*Records to use*:
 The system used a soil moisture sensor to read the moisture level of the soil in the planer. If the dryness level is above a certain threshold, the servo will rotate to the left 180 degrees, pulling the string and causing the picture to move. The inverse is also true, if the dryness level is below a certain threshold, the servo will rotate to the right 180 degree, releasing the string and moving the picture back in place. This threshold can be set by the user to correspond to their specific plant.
--
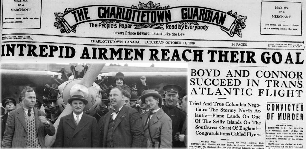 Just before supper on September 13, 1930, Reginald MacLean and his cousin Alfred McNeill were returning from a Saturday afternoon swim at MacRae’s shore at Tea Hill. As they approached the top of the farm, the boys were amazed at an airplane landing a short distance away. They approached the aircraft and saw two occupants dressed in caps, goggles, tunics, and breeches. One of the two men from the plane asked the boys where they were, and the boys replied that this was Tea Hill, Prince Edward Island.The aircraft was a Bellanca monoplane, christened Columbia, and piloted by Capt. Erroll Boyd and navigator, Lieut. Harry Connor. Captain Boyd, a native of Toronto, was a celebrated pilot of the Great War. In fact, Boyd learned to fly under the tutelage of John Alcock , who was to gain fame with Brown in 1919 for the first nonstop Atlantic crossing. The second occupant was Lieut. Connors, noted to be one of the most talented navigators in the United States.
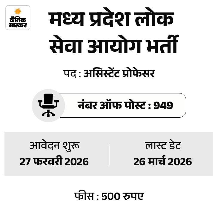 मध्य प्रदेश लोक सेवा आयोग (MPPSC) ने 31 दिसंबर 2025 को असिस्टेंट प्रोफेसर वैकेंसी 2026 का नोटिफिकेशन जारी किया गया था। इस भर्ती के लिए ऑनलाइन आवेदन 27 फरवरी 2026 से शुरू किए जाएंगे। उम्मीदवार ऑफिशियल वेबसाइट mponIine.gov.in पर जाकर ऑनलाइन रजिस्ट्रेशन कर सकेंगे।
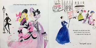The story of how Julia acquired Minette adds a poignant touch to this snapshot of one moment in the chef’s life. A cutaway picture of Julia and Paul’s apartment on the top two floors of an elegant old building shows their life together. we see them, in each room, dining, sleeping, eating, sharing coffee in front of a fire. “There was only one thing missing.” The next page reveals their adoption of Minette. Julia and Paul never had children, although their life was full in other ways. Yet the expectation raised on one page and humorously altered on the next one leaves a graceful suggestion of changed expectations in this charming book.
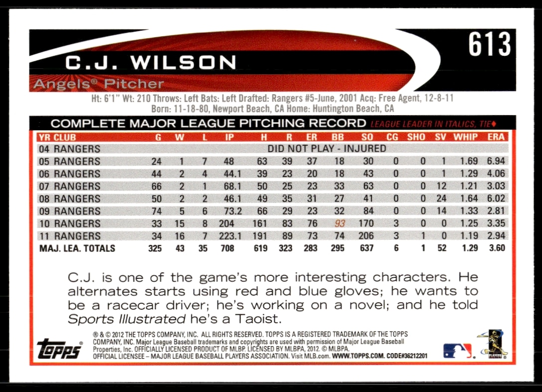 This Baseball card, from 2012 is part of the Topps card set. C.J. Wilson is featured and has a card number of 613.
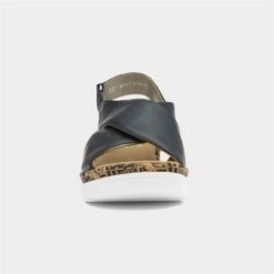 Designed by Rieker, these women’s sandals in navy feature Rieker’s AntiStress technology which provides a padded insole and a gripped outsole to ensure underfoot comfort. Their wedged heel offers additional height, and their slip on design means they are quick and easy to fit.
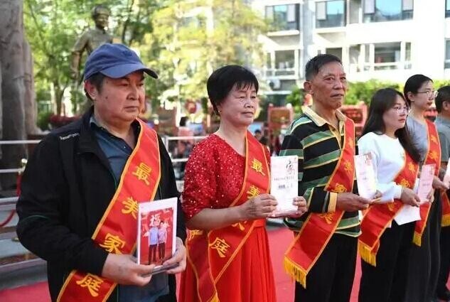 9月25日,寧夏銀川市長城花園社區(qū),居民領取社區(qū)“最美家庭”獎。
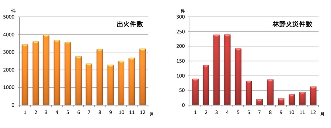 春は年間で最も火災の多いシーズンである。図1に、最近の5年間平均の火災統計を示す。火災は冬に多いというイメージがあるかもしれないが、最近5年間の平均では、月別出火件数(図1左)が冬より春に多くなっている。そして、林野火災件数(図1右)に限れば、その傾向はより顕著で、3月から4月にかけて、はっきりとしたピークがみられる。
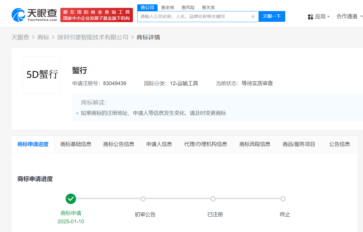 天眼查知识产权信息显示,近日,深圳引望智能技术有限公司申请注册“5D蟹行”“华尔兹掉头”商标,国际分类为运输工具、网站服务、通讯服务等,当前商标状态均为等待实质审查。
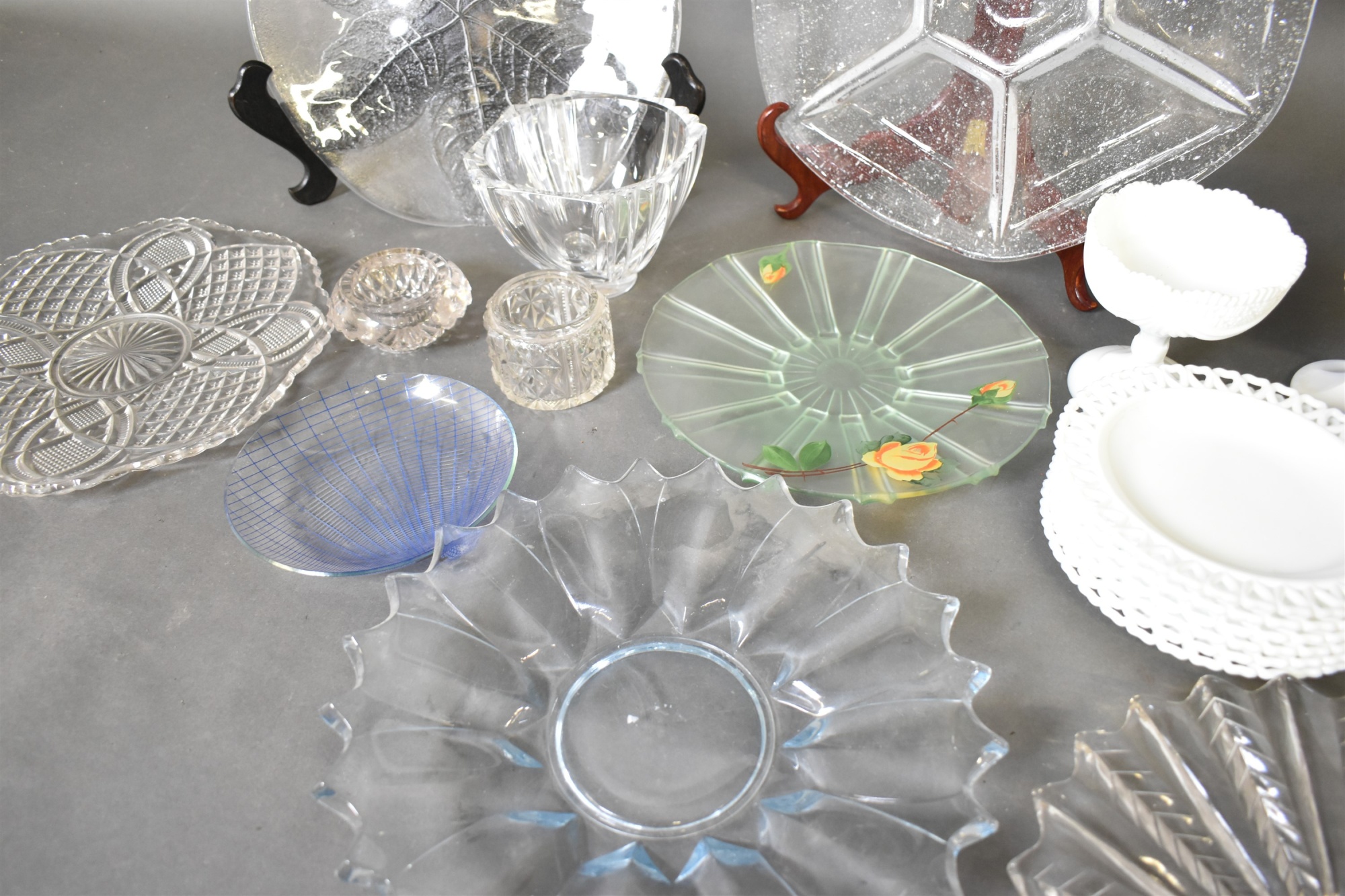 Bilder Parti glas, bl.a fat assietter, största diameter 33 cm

*The problem*: Your answer must be the lines above from the one holding "Designed by Rieker, these" up to and including the one holding "Bilder Parti glas, bl.a", exact and with no pictures.

*Task result*:
 Designed by Rieker, these women’s sandals in navy feature Rieker’s AntiStress technology which provides a padded insole and a gripped outsole to ensure underfoot comfort. Their wedged heel offers additional height, and their slip on design means they are quick and easy to fit.
 9月25日,寧夏銀川市長城花園社區(qū),居民領取社區(qū)“最美家庭”獎。
 春は年間で最も火災の多いシーズンである。図1に、最近の5年間平均の火災統計を示す。火災は冬に多いというイメージがあるかもしれないが、最近5年間の平均では、月別出火件数(図1左)が冬より春に多くなっている。そして、林野火災件数(図1右)に限れば、その傾向はより顕著で、3月から4月にかけて、はっきりとしたピークがみられる。
 天眼查知识产权信息显示,近日,深圳引望智能技术有限公司申请注册“5D蟹行”“华尔兹掉头”商标,国际分类为运输工具、网站服务、通讯服务等,当前商标状态均为等待实质审查。
 Bilder Parti glas, bl.a fat assietter, största diameter 33 cm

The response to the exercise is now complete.